Les scientifiques disent que le coronobius sera bientôt un froid commun

Une nouvelle vague d'infections en Chine causée par une mutation coronaire n'est pas une cause de panique. En mutant, le virus du SRAS CoV-2, craignant le monde, pourrait bientôt devenir un rhume commun. Développer un vaccin ou un médicament efficace contre un nouveau type [...]
La mise au point d'un vaccin ou d'un médicament efficace contre un nouveau type de coronaire est compliquée tout comme le virus change constamment. Dans environ une demi-année après l'épidémie de pandémie, les scientifiques du monde entier ont enregistré 100 mutations différentes dans le CoV-2 du SRAS.
Ces variations ou changements sont normaux, car la structure génétique du virus change et de nouvelles sous-espèces apparaissent. Les caractéristiques du virus peuvent également changer. Les conséquences peuvent être un affaiblissement du virus original, mais il peut aussi le rendre plus agressif.
Diverses variétés confirment également qu'un agent pathogène dans une certaine région du monde provoque des vagues d'infection avec une gravité différente, et pourquoi les gens réagissent différemment à l'infection.
La Chine, pays d'où le virus s'est développé, a réussi à contrôler le coronaire avec des limites cruciales de mouvement. Au cours des dernières semaines, seules les personnes qui sont revenues de l'extérieur ont été testées.
De nouvelles infections ont récemment été signalées dans plusieurs provinces chinoises, et cette fois il est clair qu'elles sont originaires de Chine.
Dans le même temps, les premiers tests ont montré qu'une nouvelle version d'agent pathogène circule en Chine. Le virus du CoV-2 du SRAS trouvé à Beijing est légèrement différent de celui qui a frappé la Chine plus tôt, a déclaré l'épidémiologiste du Service de santé chinois Zheng Guang.
Les résultats doivent maintenant être comparés aux essais effectués par d'autres pays afin de pouvoir suivre la ligne d'origine pathogène.
La trace actuelle du virus a littéralement amené les services de santé au conseil, sur lequel le saumon importé a été rempli, sur le marché de Sinfadi à Beijing.

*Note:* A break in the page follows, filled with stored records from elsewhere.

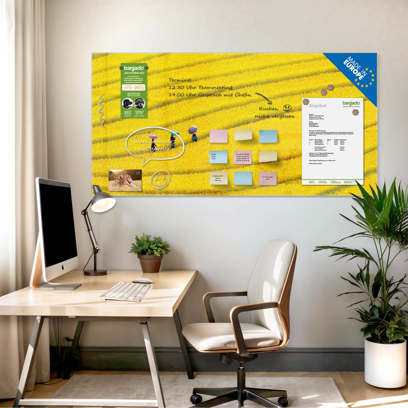 Die banjado Glas Magnettafel mit dem Motiv Motiv Reisfeld Vietnam verbindet Funktionalität mit Stil. Sie ersetzt das Zettelchaos durch klare Strukturen und bringt dabei eine warme, natürliche Atmosphäre in Ihr Zuhause. Ob im Büro, in der Küche oder im Eingangsbereich - dieses Design-Board zieht Blicke an und sorgt für Ordnung mit Charakter.
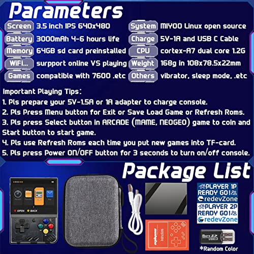 CredevZone Miyoo Mini Plus Handheld Game Console 3.5 in Portable Retro Video Games Consoles Rechargeable Hand Held Classic System Black Transparent 64GB Item Sku:
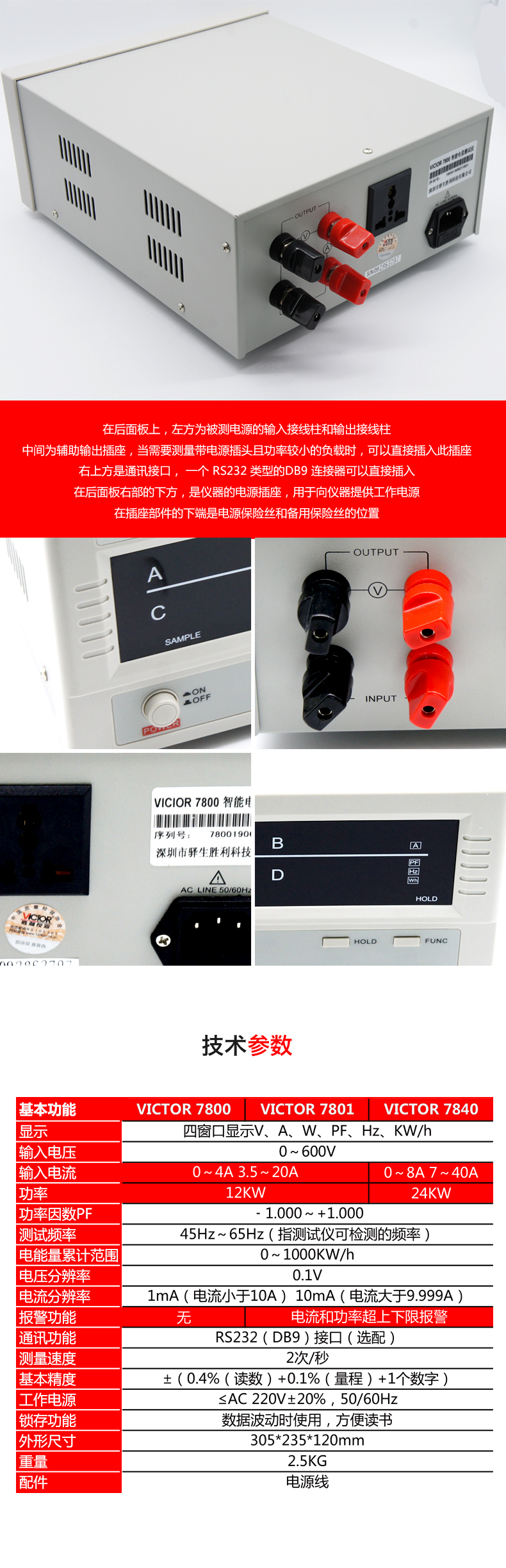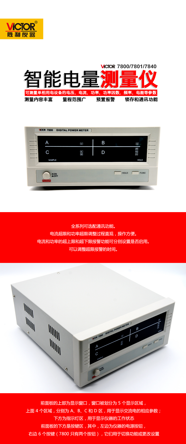 产品型号:VICTOR 7800 7801 7840操作方式:产品名称:智能电量测量仪
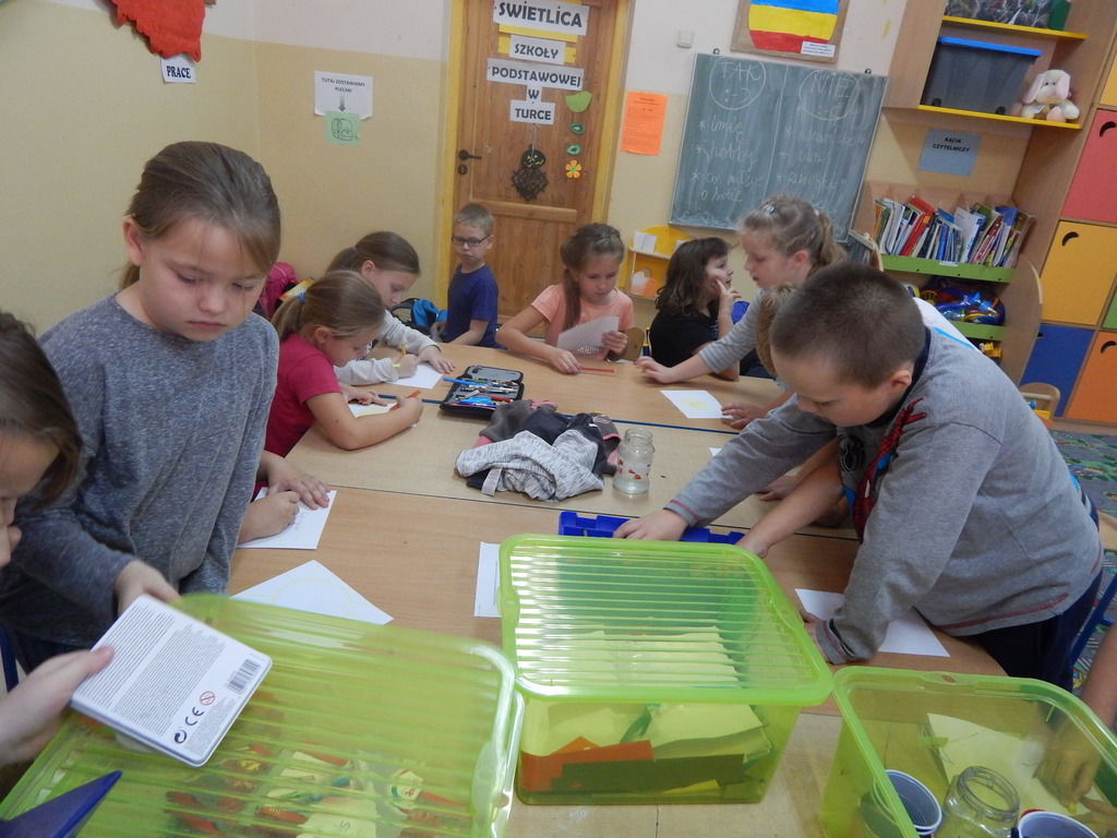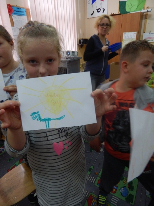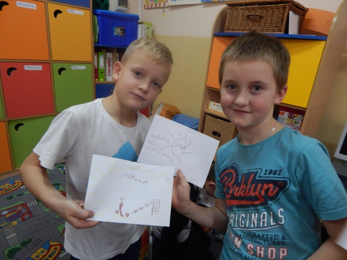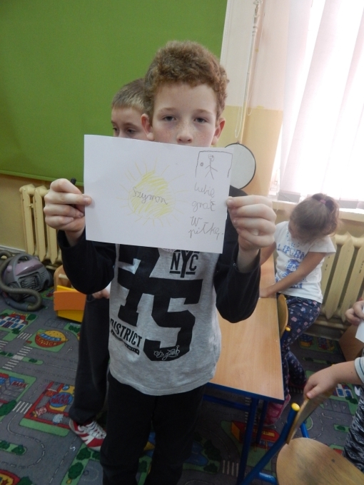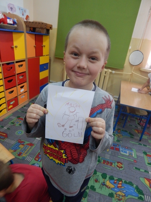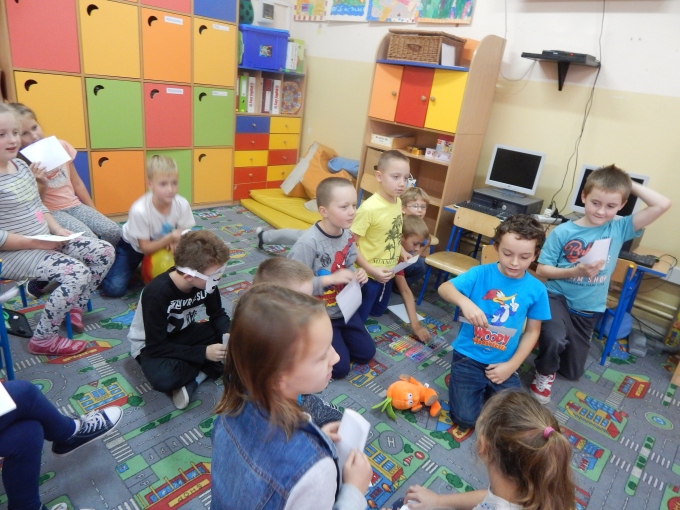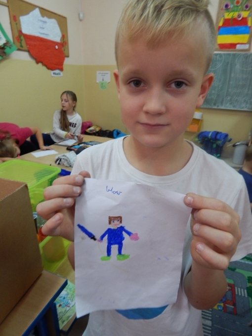 Na kolejnych zajęciach dzieci uczyły się, co i w jaki sposób warto powiedzieć o sobie w kontaktach bezpośrednich i przez Internet. Dowiedziały się , że obcym nie udziela się wszystkich informacji na swój temat. Tworzyły także swój symbol i wymyślały nick.

Mais on ne sait pas d'où viennent les saumons, étant donné que la Chine importe ce type de poisson de Norvège, du Chili, de l'Australie, du Canada et des îles Féroé.
Mais pour que le virus se propage aux gens par le saumon, il est assez surprenant. Jusqu'à présent, il a été déterminé que le risque de transmission est plus grand lorsqu'il s'agit de mammifères comme les chevaux, les moutons, les lapins ou les chats. En ce qui concerne les reptiles, les poissons ou les oiseaux, le risque de transmission est, selon les études précédentes, trop faible.

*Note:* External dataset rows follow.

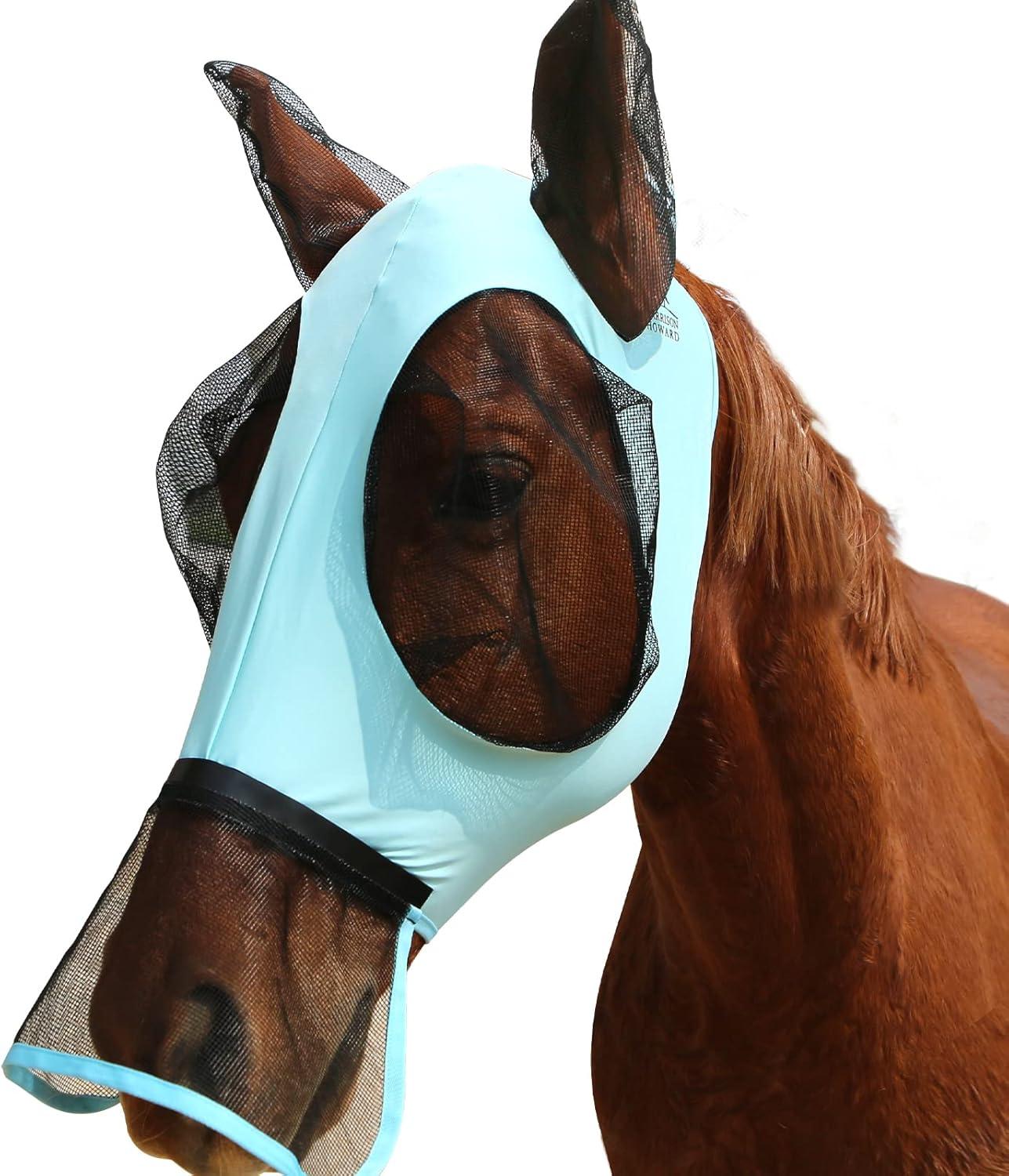 Harrison Howard Horse Fly Mask with Detachable Nose Cover-Ice Blue (L; Full Size)
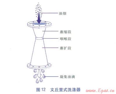 文丘里式洗滌器(見(jiàn)圖l2)由三段組成:漸縮段、咽喉段和漸擴(kuò)段。把油煙氣流壓入文丘里式洗滌器,當(dāng)油煙進(jìn)入漸縮段后,流速增大,進(jìn)入咽喉段時(shí)達(dá)到最大值。洗滌液噴霧則從咽喉段加入,將其清洗。在漸擴(kuò)段,流速減小,壓力回升,油煙粒子凝聚成直徑較大的液滴,進(jìn)而被收集。
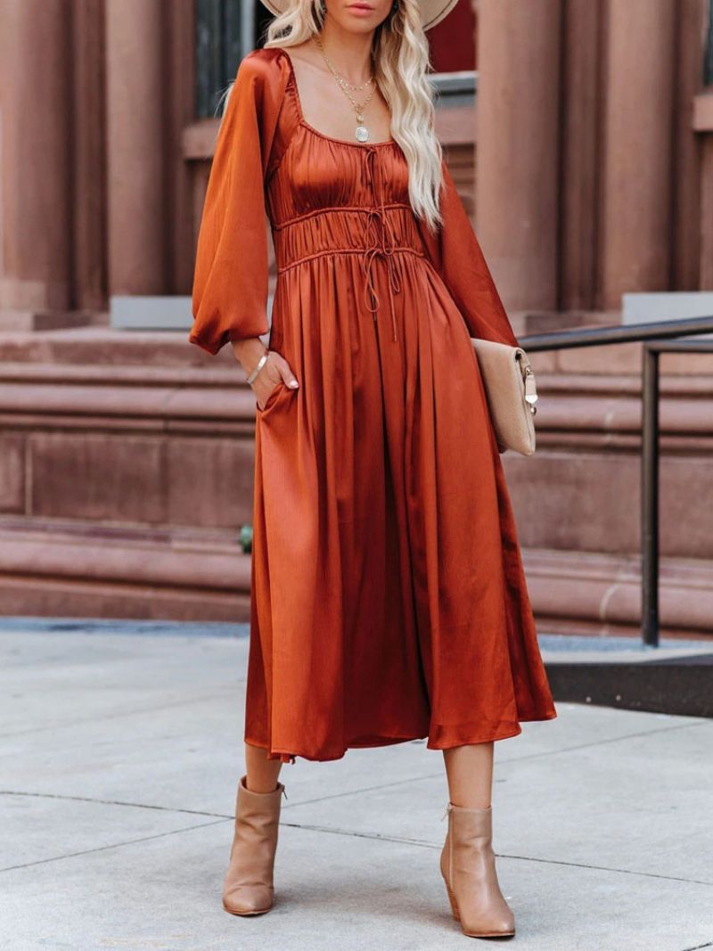 Damska Sukienka Maxi Kwadratowy Dekolt Długie Rękawy Pomarańczowo-czerwona Do Podłogi

Pour se reproduire, les virus utilisent des cellules d'attente. Lorsque les virus attaquent, ils libèrent l'information génétique du noyau dans une cellule infectée. Ainsi, les cellules du corps reproduisent des millions de copies du virus. Mais avec ces reproductions, des erreurs de tricherie se produisent, et toute erreur change aussi le code génétique du virus qu'il mute.
En principe, le corps humain n'est en situation que de se protéger contre de tels virus. Elle produit des anticorps qui la protègent des virus et la rendent immunisée contre les pathogènes pathogènes. Mais si l'agent pathogène mute et que les anticorps sont programmés dans l'ancienne version de l'agent pathogène, alors les anticorps sont moins efficaces.
Pour la même raison, les gens ont régulièrement des rhumes, comme notre corps a déjà créé des anticorps de l'infection précédente, mais nous n'avons pas de nouveaux anticorps pour la nouvelle mutation pathogène.